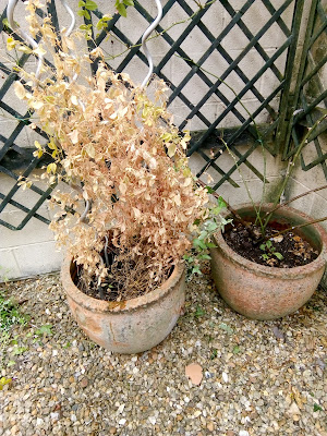 The one containing the Sweet Peas is a write-off for this year: I advised her to cut off that mass of dead stuff and compost it, and then to water the pot in the hopes that the roots would survive - this is Perennial Sweet Pea, I should say, not the annual ones - and with luck, they'd pop up again next year, as normal.
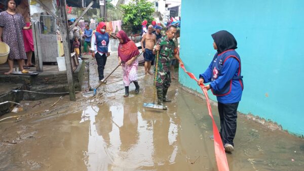 “Hari ini kami bersama warga bergotong royong melaksanakan pembersihan rumah warga dari sisa-sisa lumpur dan mengangkat barang-barang masyarakat yang basah akibat terendam air pasca banjir tadi malam.” tutur Babinsa.
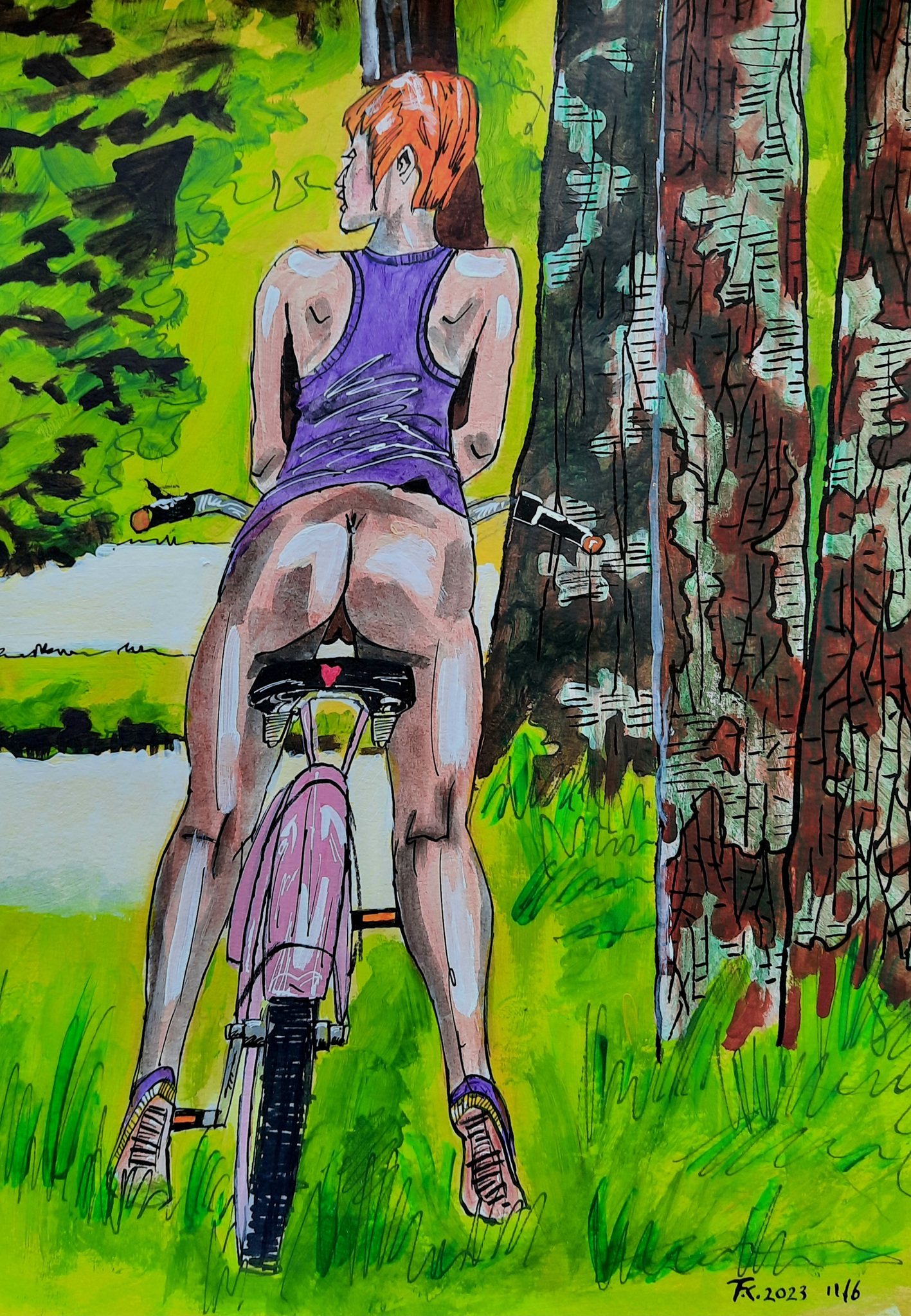Halfnaakt bosuitje op de fiets
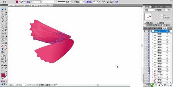 1、首先,我们用钢笔画出一片花瓣的形状,注意边缘的曲线部分,我们用深粉红色的渐变填充路径。
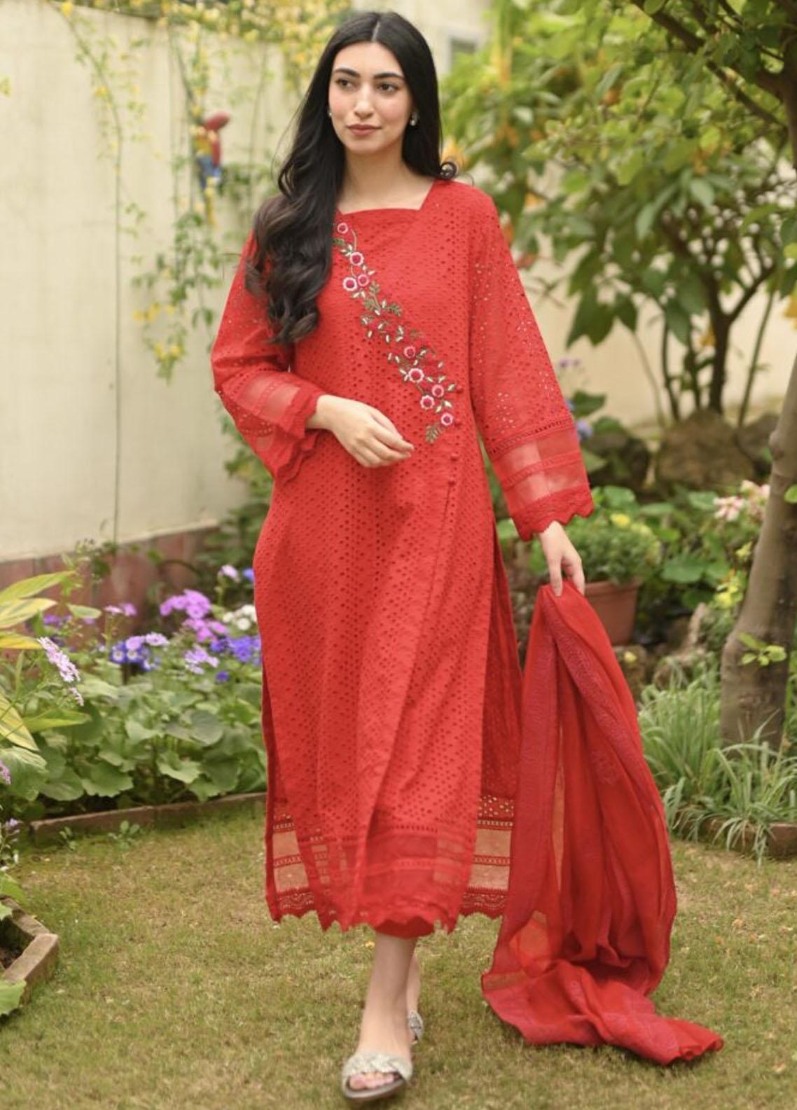 This Beautiful Red On A Chicken Shirt Has Resham Tanks Knots Handwork On The Angrakha Cut Finished With Laces And Orange A Details On Hem And Sleeves. We Have Paired This Angrakha With Straight Pants And Silk Cotton Net Dupatta.
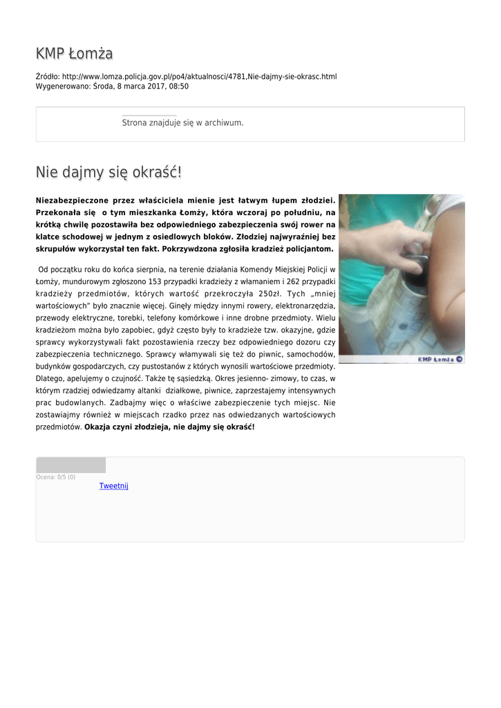 KMP Łomża Źródło: http://www.lomza.policja.gov.pl/po4/aktualnosci/4781,Nie-dajmy-sie-okrasc.html Wygenerowano: Środa, 8 marca 2017, 08:50 Strona znajduje się w archiwum. Nie dajmy się okraść! Niezabezpieczone przez właściciela mienie jest łatwym łupem złodziei. Przekonała się o tym mieszkanka Łomży, która wczoraj po południu, na krótką chwilę pozostawiła bez odpowiedniego zabezpieczenia swój rower na klatce schodowej w jednym z osiedlowych bloków. Złodziej najwyraźniej bez skrupułów wykorzystał ten fakt. Pokrzywdzona zgłosiła kradzież policjantom. Od początku roku do końca sierpnia, na terenie działania Komendy Miejskiej Policji w Łomży, mundurowym zgłoszono 153 przypadki kradzieży z włamaniem i 262 przypadki kradzieży przedmiotów, których wartość przekroczyła 250zł. Tych „mniej wartościowych” było znacznie więcej. Ginęły między innymi rowery, elektronarzędzia, przewody elektryczne, torebki, telefony komórkowe i inne drobne przedmioty. Wielu kradzieżom można było zapobiec, gdyż często były to kradzieże tzw. okazyjne, gdzie sprawcy wykorzystywali fakt pozostawienia rzeczy bez odpowiedniego dozoru czy zabezpieczenia technicznego. Sprawcy włamywali się też do piwnic, samochodów, budynków gospodarczych, czy pustostanów z których wynosili wartościowe przedmioty. Dlatego, apelujemy o czujność. Także tę sąsiedzką. Okres jesienno- zimowy, to czas, w którym rzadziej odwiedzamy altanki działkowe, piwnice, zaprzestajemy intensywnych prac budowlanych. Zadbajmy więc o właściwe zabezpieczenie tych miejsc. Nie zostawiajmy również w miejscach rzadko przez nas odwiedzanych wartościowych przedmiotów. Okazja czyni złodzieja, nie dajmy się okraść! Ocena: 0/5 (0) Tweetnij

# [What to produce]
All of the entries above are to be transcribed word for word, with no pictures included.

# [Problem solution]
 The one containing the Sweet Peas is a write-off for this year: I advised her to cut off that mass of dead stuff and compost it, and then to water the pot in the hopes that the roots would survive - this is Perennial Sweet Pea, I should say, not the annual ones - and with luck, they'd pop up again next year, as normal.
 “Hari ini kami bersama warga bergotong royong melaksanakan pembersihan rumah warga dari sisa-sisa lumpur dan mengangkat barang-barang masyarakat yang basah akibat terendam air pasca banjir tadi malam.” tutur Babinsa.
Halfnaakt bosuitje op de fiets
 1、首先,我们用钢笔画出一片花瓣的形状,注意边缘的曲线部分,我们用深粉红色的渐变填充路径。
 This Beautiful Red On A Chicken Shirt Has Resham Tanks Knots Handwork On The Angrakha Cut Finished With Laces And Orange A Details On Hem And Sleeves. We Have Paired This Angrakha With Straight Pants And Silk Cotton Net Dupatta.
 KMP Łomża Źródło: http://www.lomza.policja.gov.pl/po4/aktualnosci/4781,Nie-dajmy-sie-okrasc.html Wygenerowano: Środa, 8 marca 2017, 08:50 Strona znajduje się w archiwum. Nie dajmy się okraść! Niezabezpieczone przez właściciela mienie jest łatwym łupem złodziei. Przekonała się o tym mieszkanka Łomży, która wczoraj po południu, na krótką chwilę pozostawiła bez odpowiedniego zabezpieczenia swój rower na klatce schodowej w jednym z osiedlowych bloków. Złodziej najwyraźniej bez skrupułów wykorzystał ten fakt. Pokrzywdzona zgłosiła kradzież policjantom. Od początku roku do końca sierpnia, na terenie działania Komendy Miejskiej Policji w Łomży, mundurowym zgłoszono 153 przypadki kradzieży z włamaniem i 262 przypadki kradzieży przedmiotów, których wartość przekroczyła 250zł. Tych „mniej wartościowych” było znacznie więcej. Ginęły między innymi rowery, elektronarzędzia, przewody elektryczne, torebki, telefony komórkowe i inne drobne przedmioty. Wielu kradzieżom można było zapobiec, gdyż często były to kradzieże tzw. okazyjne, gdzie sprawcy wykorzystywali fakt pozostawienia rzeczy bez odpowiedniego dozoru czy zabezpieczenia technicznego. Sprawcy włamywali się też do piwnic, samochodów, budynków gospodarczych, czy pustostanów z których wynosili wartościowe przedmioty. Dlatego, apelujemy o czujność. Także tę sąsiedzką. Okres jesienno- zimowy, to czas, w którym rzadziej odwiedzamy altanki działkowe, piwnice, zaprzestajemy intensywnych prac budowlanych. Zadbajmy więc o właściwe zabezpieczenie tych miejsc. Nie zostawiajmy również w miejscach rzadko przez nas odwiedzanych wartościowych przedmiotów. Okazja czyni złodzieja, nie dajmy się okraść! Ocena: 0/5 (0) Tweetnij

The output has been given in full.